Comments (12)
In the task spec docs, there is a WORKFLOW_TASK
spec for JSON, which defines multiple tasks and the connections between tasks. Is that close to what you are after?
from girder_worker.
The link https://girder-worker.readthedocs.io/en/latest/api-docs.html#the-task-specification always takes me to the page which says:
Service Unavailable
The service is temporarily unavailable. Please try again later.
Basically, the examples that we have seen in the girder worker docs has everything stated in the python code itself. Rather than this, I was looking for the way which can allow me to specify the workflow details in XML or JSON or any well-formatted text so that it can be reloaded (or updated) by a generic python code (just like a parser of the workflow description) and be able to get the workflow configuration from the XML/JSON file.
To give a simple example, most of the logging tools have .xml, or .properties file that can take the logging configuration. The same configuration can be hard coded in the Logger class itself (which makes it highly coupled). The girderworker examples provide the latter convention (the workflow details are highly coupled with the python code itself). What I was looking is the former convention (separating the workflow configuration from the workflow runner).
Am I clear?
Thanks.
from girder_worker.
Not sure why the RTD link is not working for you. The docs I mentioned are also hosted on GitHub here.
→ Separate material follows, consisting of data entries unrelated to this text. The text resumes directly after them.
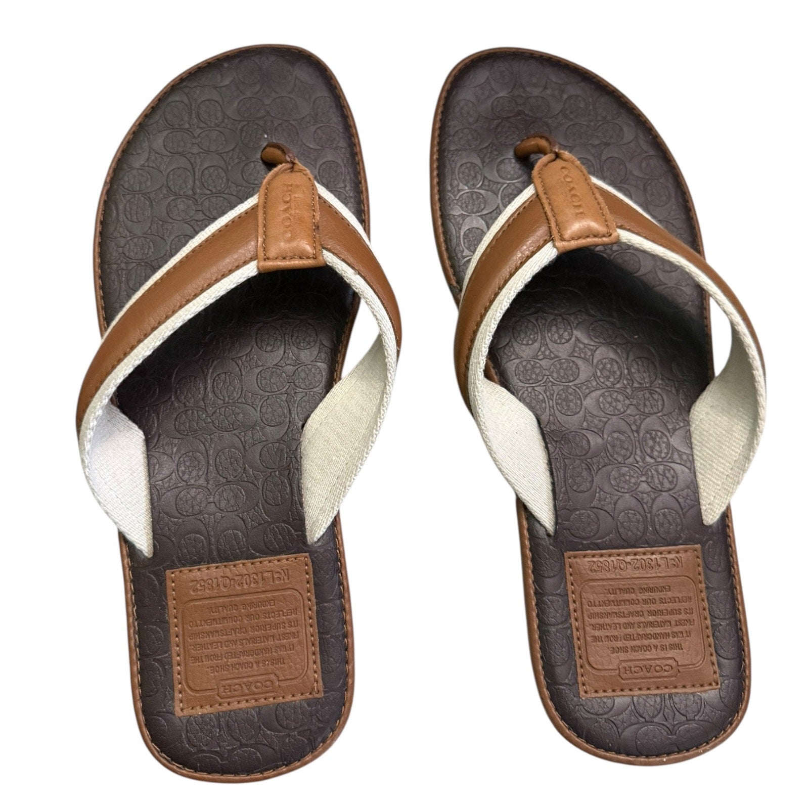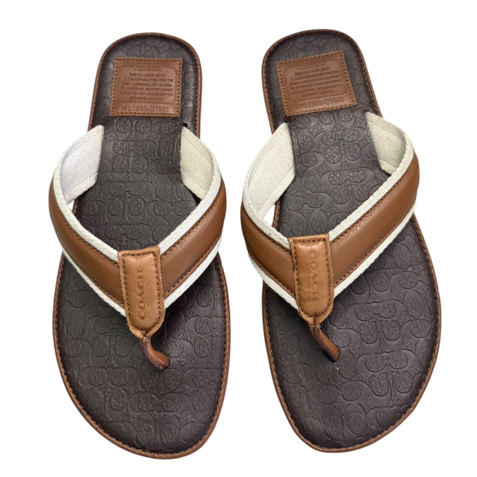 Coach Men's Flip Flip Sandals Signature CC Shoes L1302-01852 Size 10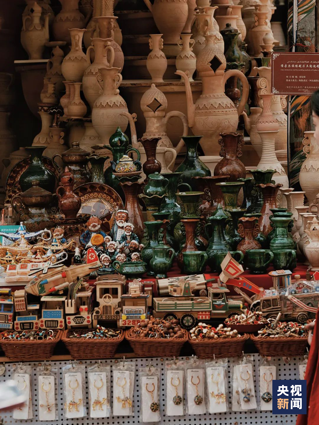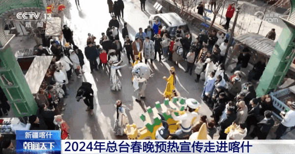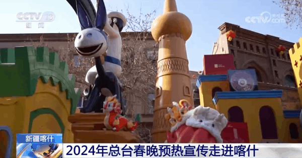 近日,总台春晚预热活动——总台文创龙年大集亮相喀什,用总台文创装饰的花车,成为游客合影打卡的热点。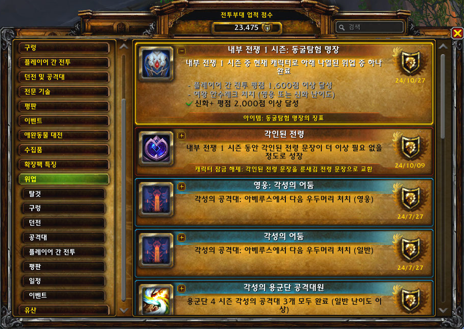 [내부 전쟁 1 시즌: 동굴탐험 명장 업적] 인데요,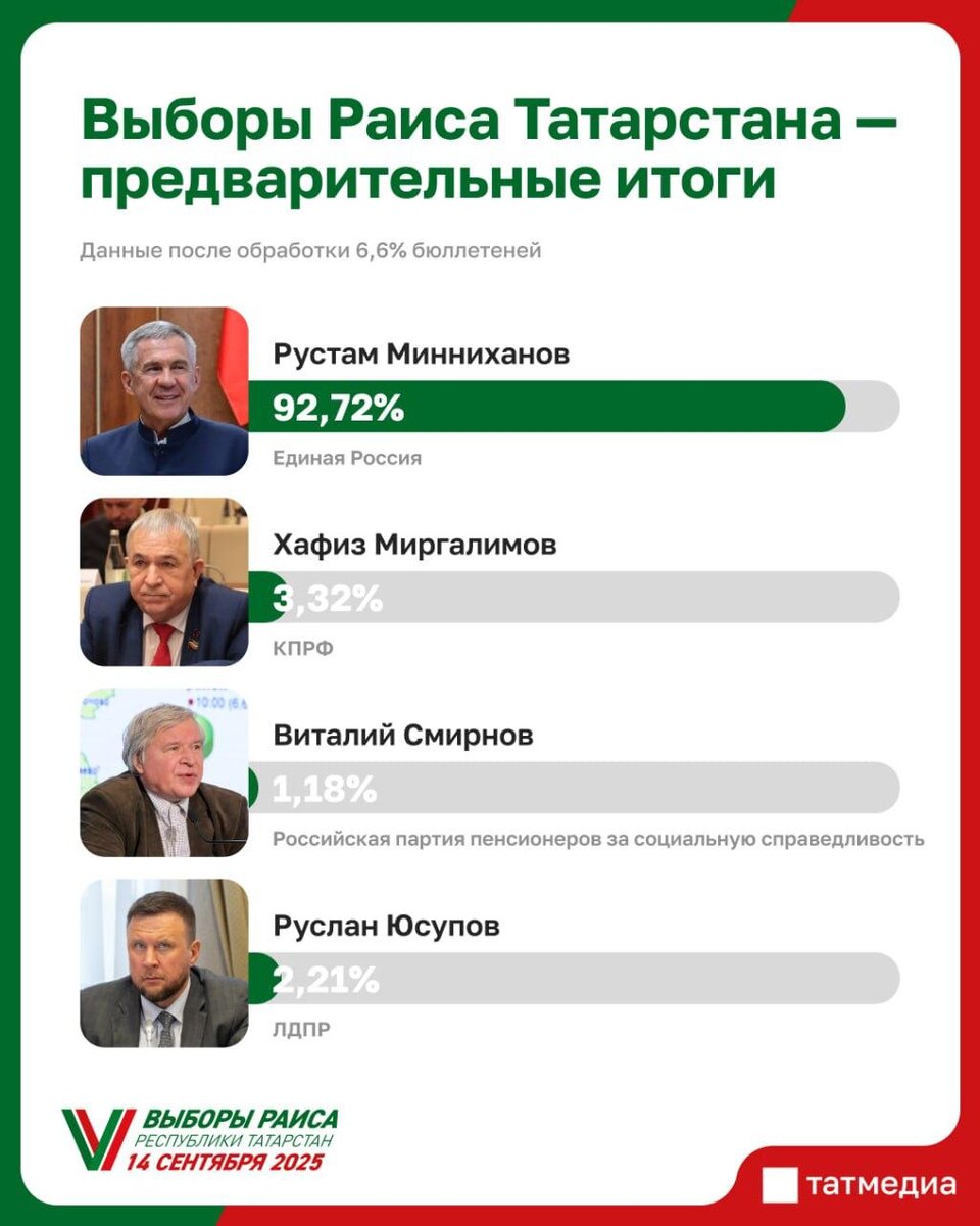 В ответ на пост 📈🗳По предварительным итогам голосования в ЦИК РФ обработано 6,6% протоколов Рустам Минниханов остается лидером голосования за Раиса Татарстана, набирая 92,72% голосов. Второе место занимает Хафиз Миргалимов (3,32%), третье - Руслан Юсупов (2,21%), четвертое - Виталий Смирнов (1,18%). @tatmediaofficial | Все каналы Татмедиа ™️ 1-й новостной MAX-канал Татарстана - подпишитесь.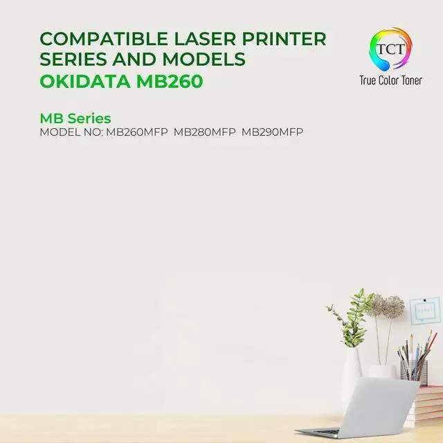 TCT offers quality Okidata MB260 56123401 56123402 compatible replacement cartridges that fit effortlessly into your printer. You will find crisp, clear prints with consistently dark tones and sharp images in every single print job. Get professional quality prints every time and save a bundle with True Color Toners high quality printing supplies!

There is a pure-JSON no-Python way of constructing workflow specs. The facebook example (here on RTD or here on GitHub) shows a raw workflow object being constructed without using the pythonic Workflow
helper class. Here is the spec fully put together as pure JSON:
{
"mode": "workflow",
"inputs": [
{
"type": "graph",
"name": "G",
"format": "adjacencylist"
}
],
"outputs": [
{
"type": "graph",
"name": "result_graph",
"format": "networkx"
}
],
"connections": [
{
"input": "G",
"input_step": "most_popular",
"name": "G"
},
{
"output": "G",
"input_step": "find_neighborhood",
"input": "G",
"output_step": "most_popular"
},
{
"output": "most_popular_person",
"input_step": "find_neighborhood",
"input": "most_popular_person",
"output_step": "most_popular"
},
{
"output": "subgraph",
"name": "result_graph",
"output_step": "find_neighborhood"
}
],
"steps": [
{
"name": "most_popular",
"task": {
"inputs": [
{
"type": "graph",
"name": "G",
"format": "networkx"
}
],
"script": "\nfrom networkx import degree\n\ndegrees = degree(G)\nmost_popular_person = max(degrees, key=degrees.get)\n",
"outputs": [
{
"type": "string",
"name": "most_popular_person",
"format": "text"
},
{
"type": "graph",
"name": "G",
"format": "networkx"
}
]
}
},
{
"name": "find_neighborhood",
"task": {
"inputs": [
{
"type": "graph",
"name": "G",
"format": "networkx"
},
{
"type": "string",
"name": "most_popular_person",
"format": "text"
}
],
"script": "\nfrom networkx import ego_graph\n\nsubgraph = ego_graph(G, most_popular_person)\n",
"outputs": [
{
"type": "graph",
"name": "subgraph",
"format": "networkx"
}
]
}
}
]
}
from girder_worker.
Thanks. It should be helpful. I will try to load and run this json using the girderworker.run method.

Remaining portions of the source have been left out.